EXERCISE GOAL:
Where the line containing "日系女士棉纱睡衣女春秋季 纯棉麻双层婴儿纱布少女家居服夏 长袖" appears, end the copy there, keeping that line; start from the first line of the entries, copy exactly, and omit pictures.

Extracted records
Start of Block
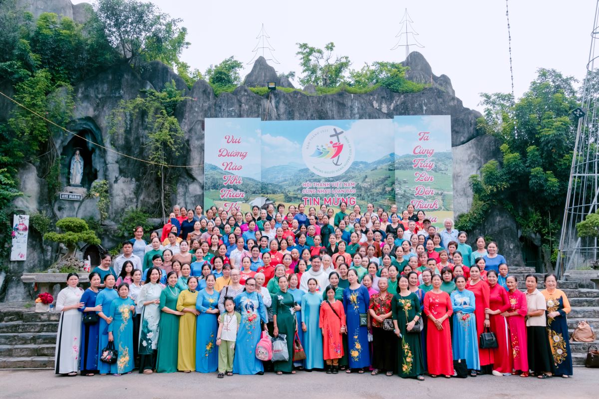 Trước khi ra về, các hội viên cùng nhau chụp hình lưu niệm tại hang đá Đức Mẹ, ghi lại dấu ấn đầy ân sủng của một ngày hành hương trọn vẹn.
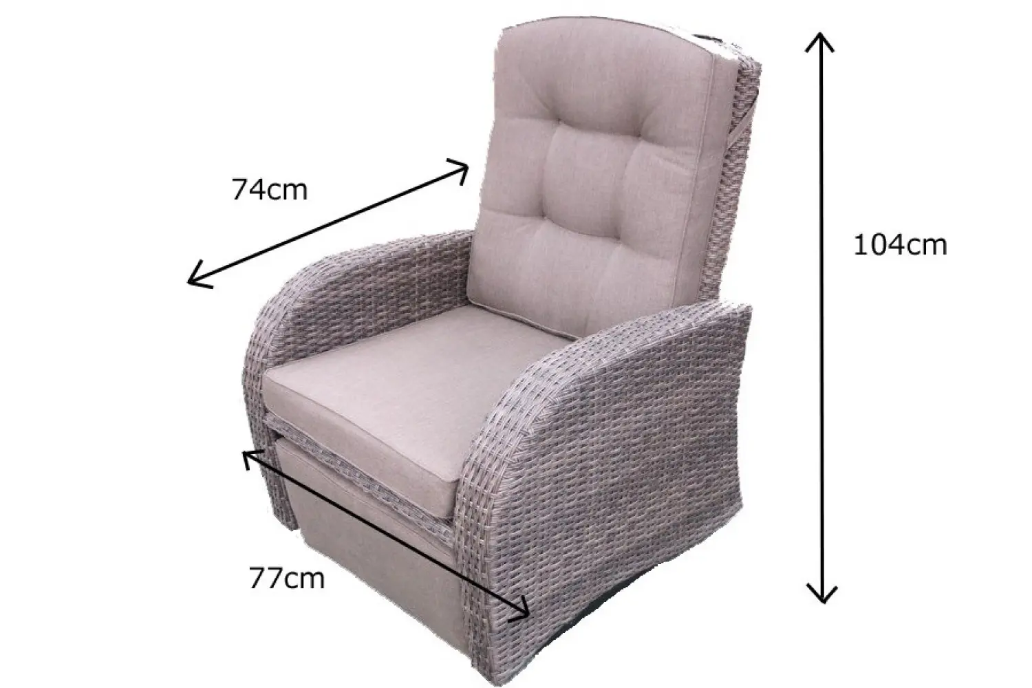 | Chair Features | Reclining back rest, rocking motion (can be stopped), arm chair, cushions included. |
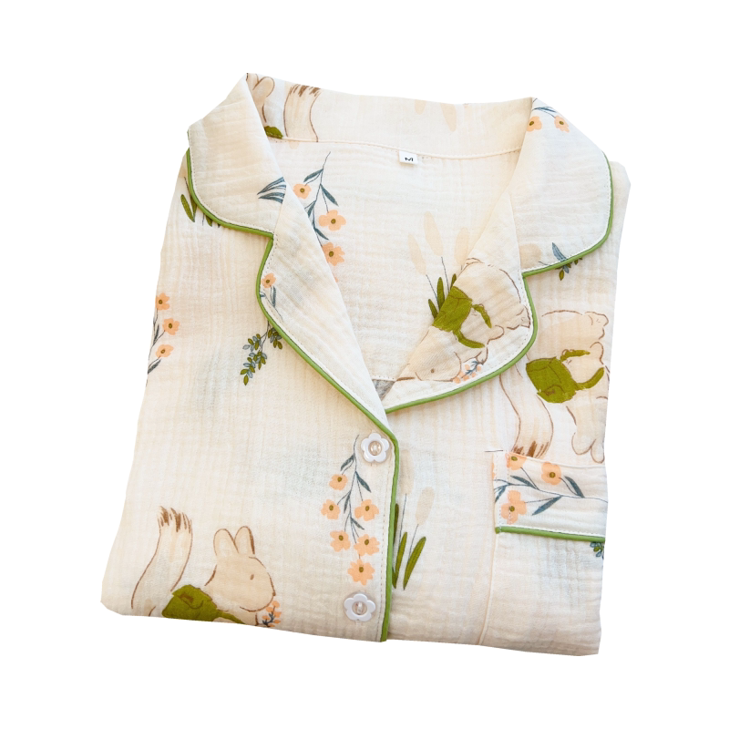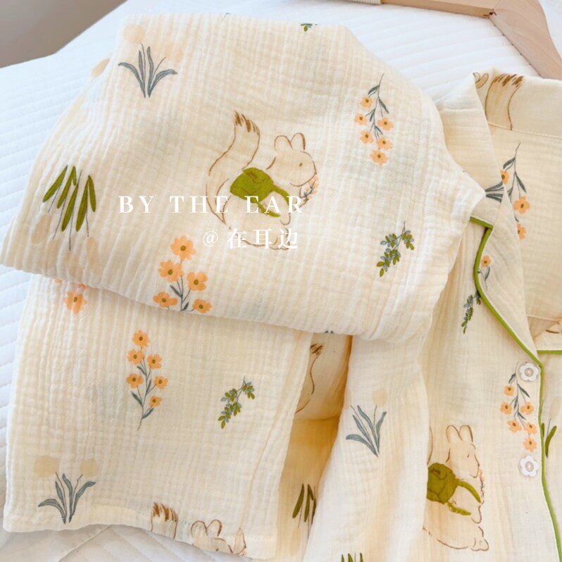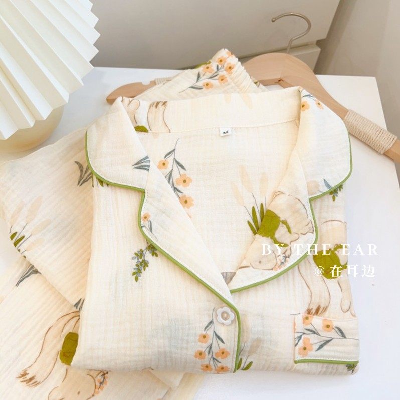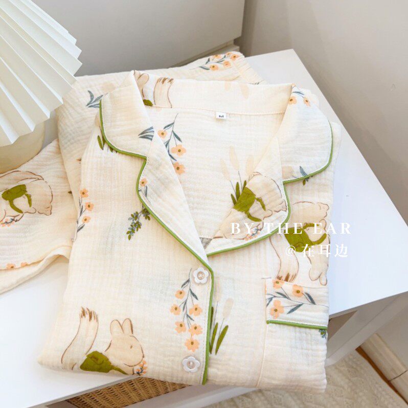 日系女士棉纱睡衣女春秋季 纯棉麻双层婴儿纱布少女家居服夏 长袖
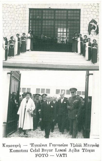 Αμέσως μετά, οι επίσημοί αναχώρησαν οδικώς για την Κομοτηνή, όπου είχε έρθει πλέον η στιγμή των εγκαινίων. Στην αυλή του σχολείου Ο υπουργός Εθνικής Παιδείας και ο πρόεδρος του Εράνου, του Παύλου και της Φρειδερίκης, έβγαλαν από έναν λόγο στα γαλλικά, τονίζοντας τη σημασία που έχει το σχολείο στη ΕλληνοΤουρκική φιλία. Στη συνέχεια ο βασιλιάς έδωσε το ψαλίδι στον Τούρκο Πρόεδρο, ο οποίος και έκοψε τη κορδέλα, ενώ στη συνέχεια όλοι μαζί ξεναγήθηκαν στο κτήριο του σχολείου.
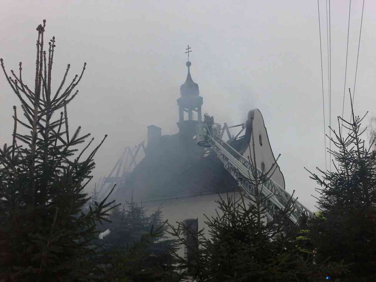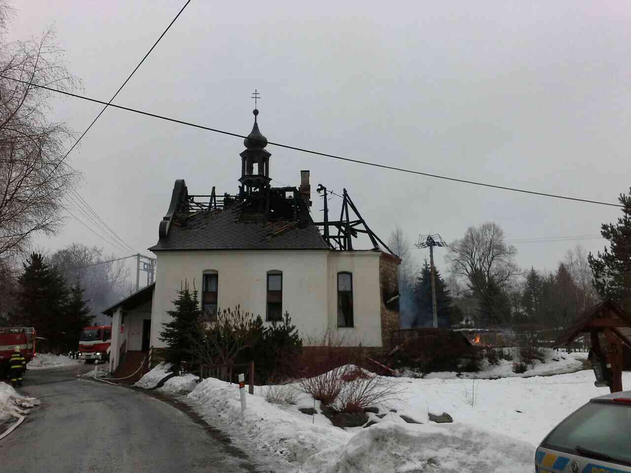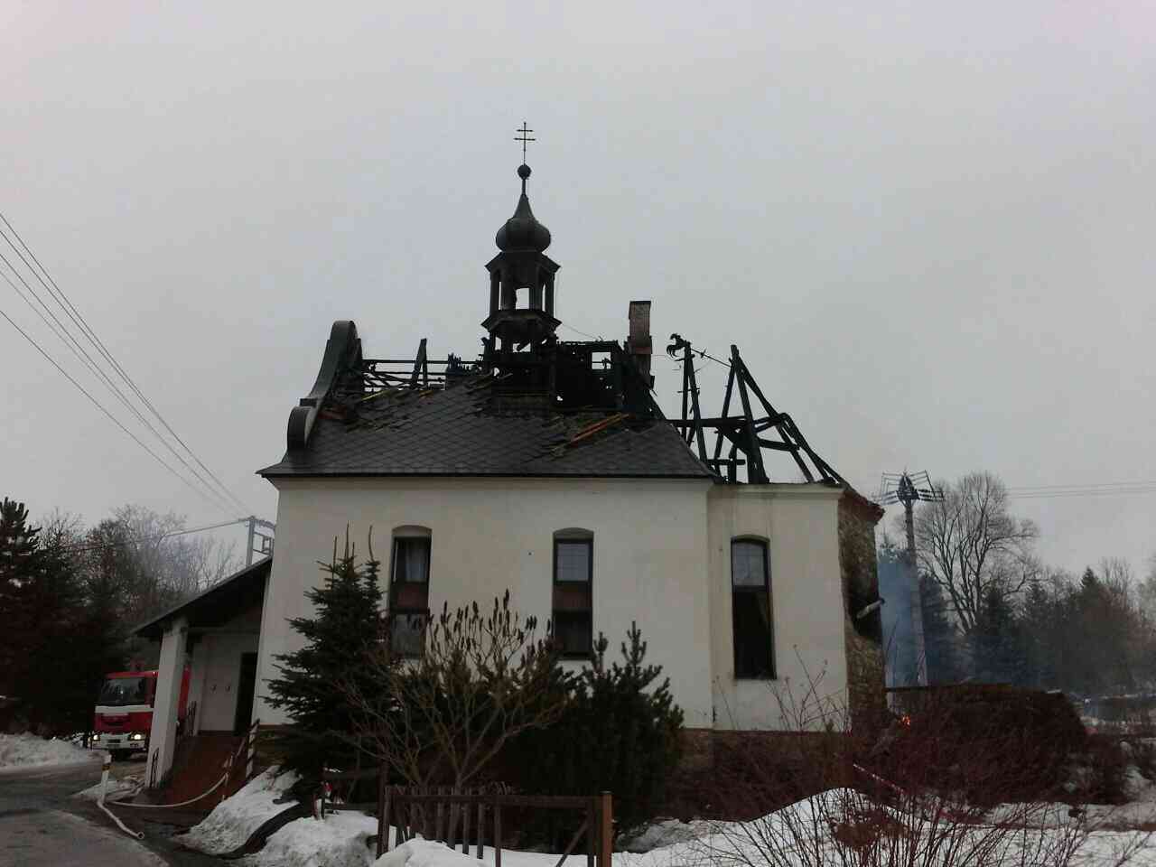 Plameny zničily celou střechu bývalé kaple a vážně poškodily věžičku. Hasiči v průběhu likvidačních prací rozebírali střešní konstrukci, dohašovali skrytá ohniska a odvětrávali zakouřené prostory. Jednotky jsou stále na místě (stav k 17:00 hodině).
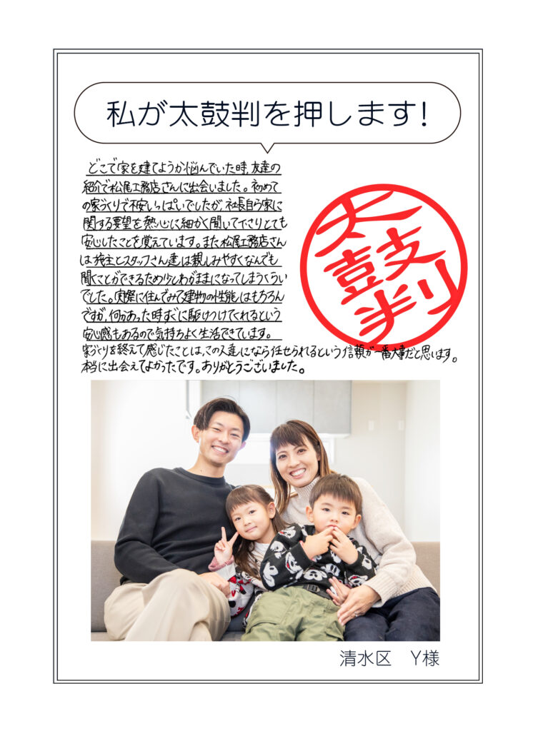 どこで家を建てようか悩んでいた時、友達の紹介で松尾工務店さんに出会いました。初めての家づくりで不安いっぱいでしたが、社長自ら家に関する要望を熱心に細かく聞いてくださりとても安心したことを覚えています。また松尾工務店さんは社長とスタッフさん達は親しみやすく、なんでも聞くことができるため、少しわがままになってしまうくらいでした。実際に住んでみて建物の性能はもちろんですが、何かあった時すぐに駆けつけてくれるという安心感もあるので、気持ちよく生活できています。家づくりを終えて感じたことは、この人達になら任せられるという信頼が一番大事だと思います。本当に出会えてよかったです。ありがとうございました。
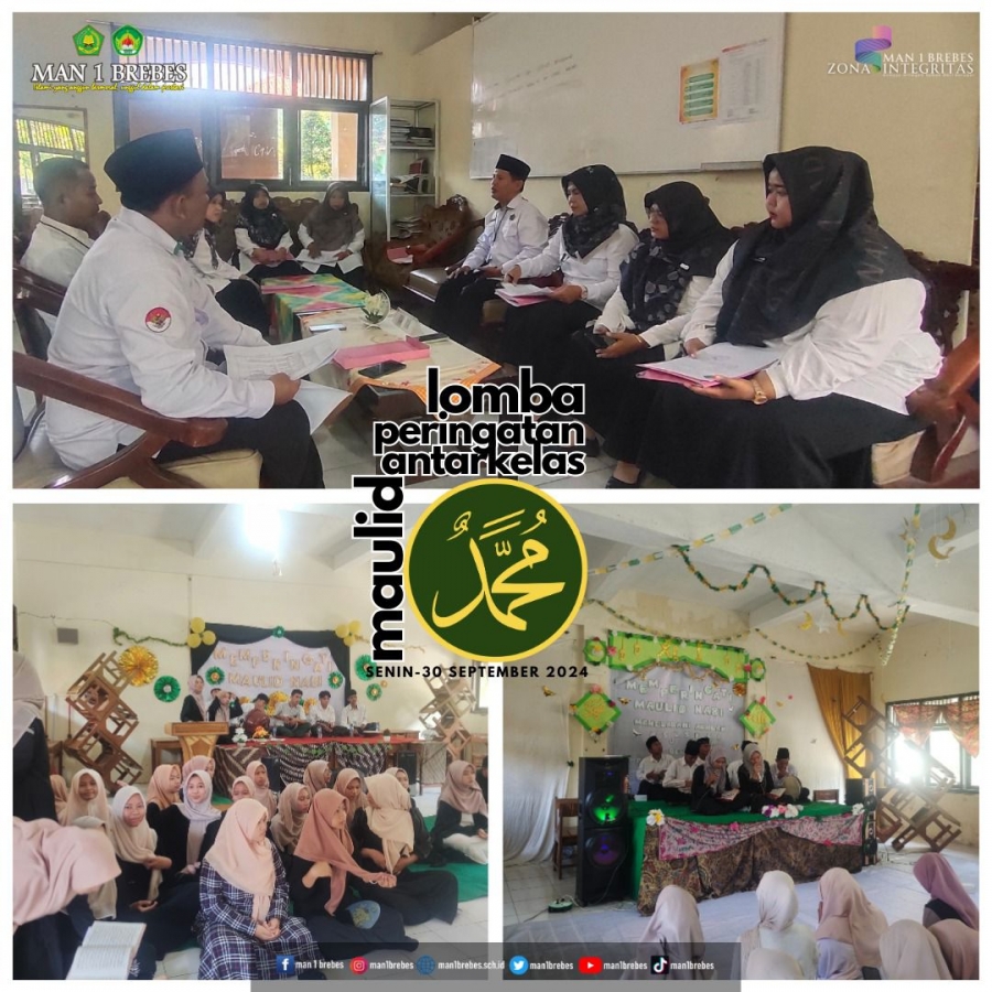 Brebes (MAN 1 Brebes) – Dalam rangka memperingati Hari Maulid Nabi Muhammad SAW, MAN 1 Brebes mengadakan serangkaian lomba yang melibatkan seluruh peserta didik pada hari Senin, 30 September 2024. Kegiatan tersebut dibuka secara resmi oleh Wakil Kepala Madrasah Bidang Akademik, Bapak Amaludin S.Ag, M.Pd.I. Dalam sambutannya, beliau menyampaikan bahwa kegiatan ini bertujuan untuk menanamkan rasa cinta kepada Nabi Muhammad SAW serta mempererat kebersamaan di antara para siswa melalui lomba menghias kelas dan acara maulidan di setiap kelas.
End of Block
ANSWER FOR THIS EXERCISE:
 Trước khi ra về, các hội viên cùng nhau chụp hình lưu niệm tại hang đá Đức Mẹ, ghi lại dấu ấn đầy ân sủng của một ngày hành hương trọn vẹn.
 | Chair Features | Reclining back rest, rocking motion (can be stopped), arm chair, cushions included. |
 日系女士棉纱睡衣女春秋季 纯棉麻双层婴儿纱布少女家居服夏 长袖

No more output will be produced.